A direct link between improved cotton production in Shinyanga and the rapidly increasing popularity of ox carts has been painted out by Emmanuel Bulugu writing in a recent issue of the Sunday News.

The article explained how cotton production had dropped in the region in the mid 1970’s partly because of the villagisation programme. For peasants who wanted to continue to use plots they had previously cultivated in villages which had then been abandoned, long distances became an obstacle not only to continued cultivation of the crop but also the harvesting. The peasants did not have time to make the long journeys involved.

However, with the advent of animal drawn carts in Shinyanga, things are now changing for the better. The carts have greatly simplified transportation of the cotton from distant plots to primary cooperative societies.
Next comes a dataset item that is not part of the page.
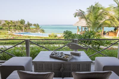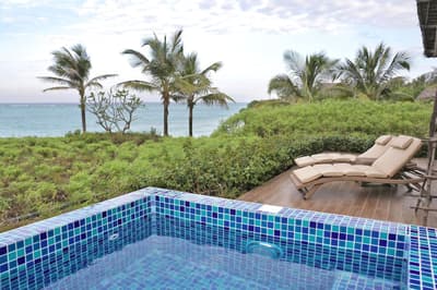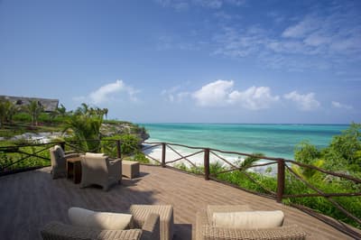 Dans l'univers de la Zanzibar Collection, petite famille d'hôtels exclusifs, voila le plus perché ! Du moins par sa position : sur une falaise de la côte sud-est avec vue panoramique sur les eaux turquoise de l'océan Indien. Car pour le reste, cette adresse élégante a tout de la pépite, avec 12 villas seulement pour un séjour intimiste. Sur votre terrasse avec plunge pool, vous pourrez passer des heures à compter les nuances de bleus, enfin à essayer, il y en a tellement ! A 5 minutes de bateau seulement s'étend l'un des plus beaux récifs coralliens de la côte est de Zanzibar. Chaussez palmes, masques et tubas pour l'explorer et bookez une promenade avec le biologiste marin maison pour devenir incollable sur l'écosystème de la côte. La Zanzibar Collection met un point d'honneur à sensibiliser staff et clients à la préservation de la nature, et beaucoup d'activités sont centrées autour de l'environnement et de la culture locaux, profitez-en pour prendre un cours de cuisine swahilie, visiter un village authentique de la côte et ses équipements médicaux financés par le groupe, ou explorer la forêt primaire de Jozani, où vous observer les colobes roux, espèce endémique de Zanzibar. Et après tout ce vert, retour au grand Bleu, les pieds dans le sable de la petite crique aménagée ou dans la longue piscine dont la couleur azur matche parfaitement avec le ciel et l'horizon !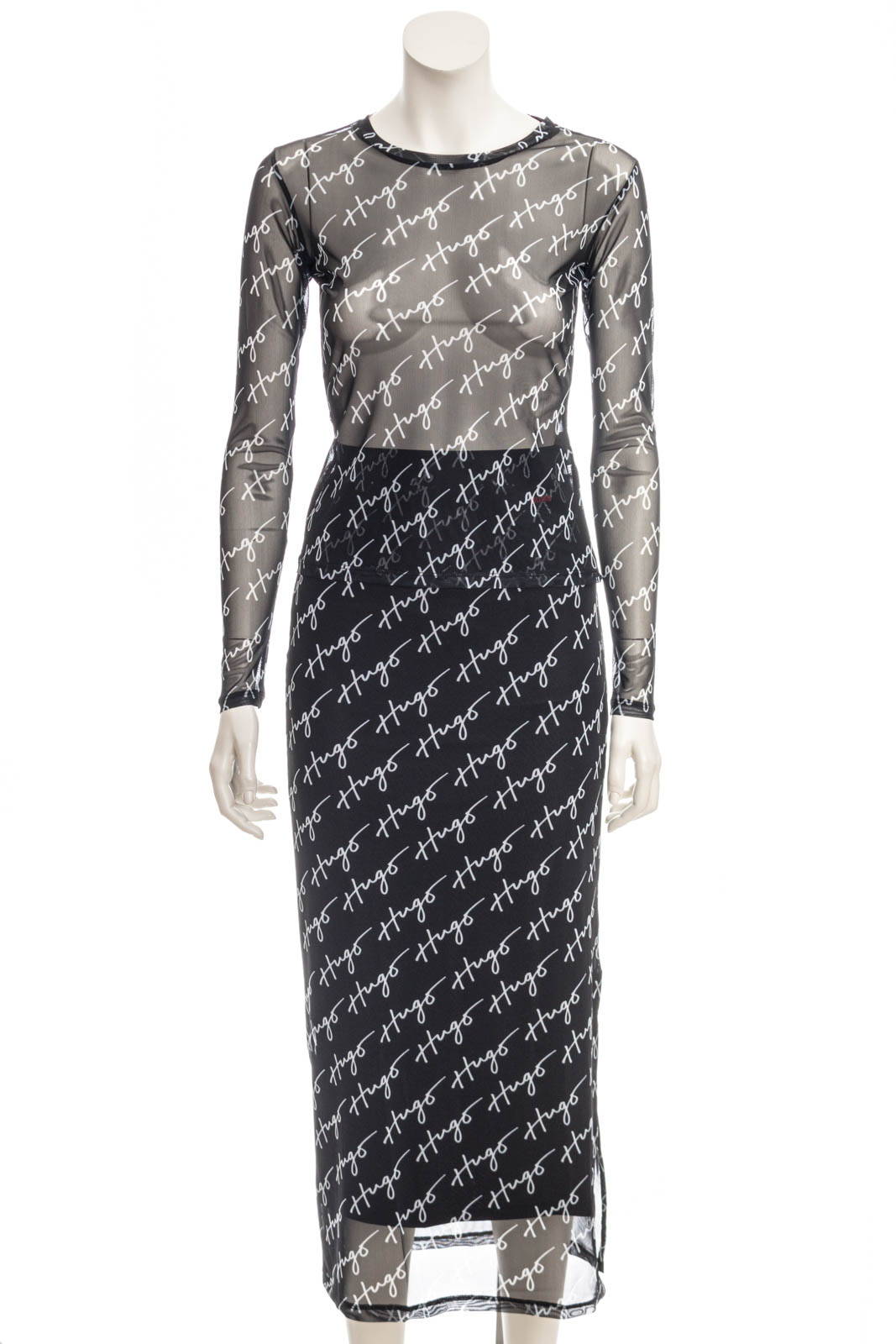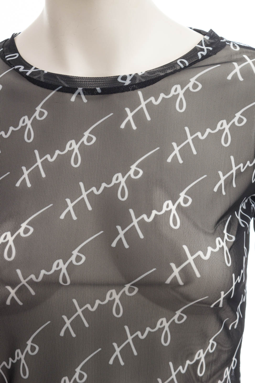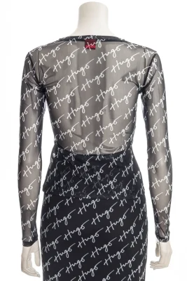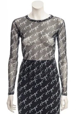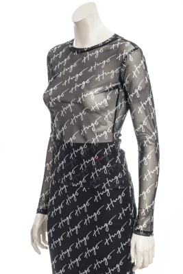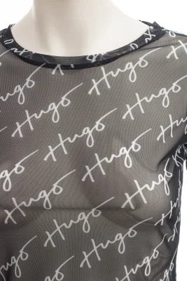 Schmal geschnittenes HUGO Longsleeve aus Stretch-Mesh mit handgeschriebenen Logos.

The whole business is in private hands. One entrepreneur was said to have started with one cart in Shinyanga town. Each weekend he would go to town to collect the money his previously unemployed ‘driver’ had earned for him. Soon he had bought three more carts for work in the town and two which he employed in carting crops in his village. Now many others are following his example and areas previously too far away to be cultivated are coming back into production.

The carts are not being manufactured only in Shinyanga. There are now private cart makers in several urban areas including Maswa and Lalago. The carts are well constructed with pneumatic tyres on vehicle axles and expensive timber is used in their construction. Cart makers are charging Shs 50,000 to 70,000 per cart.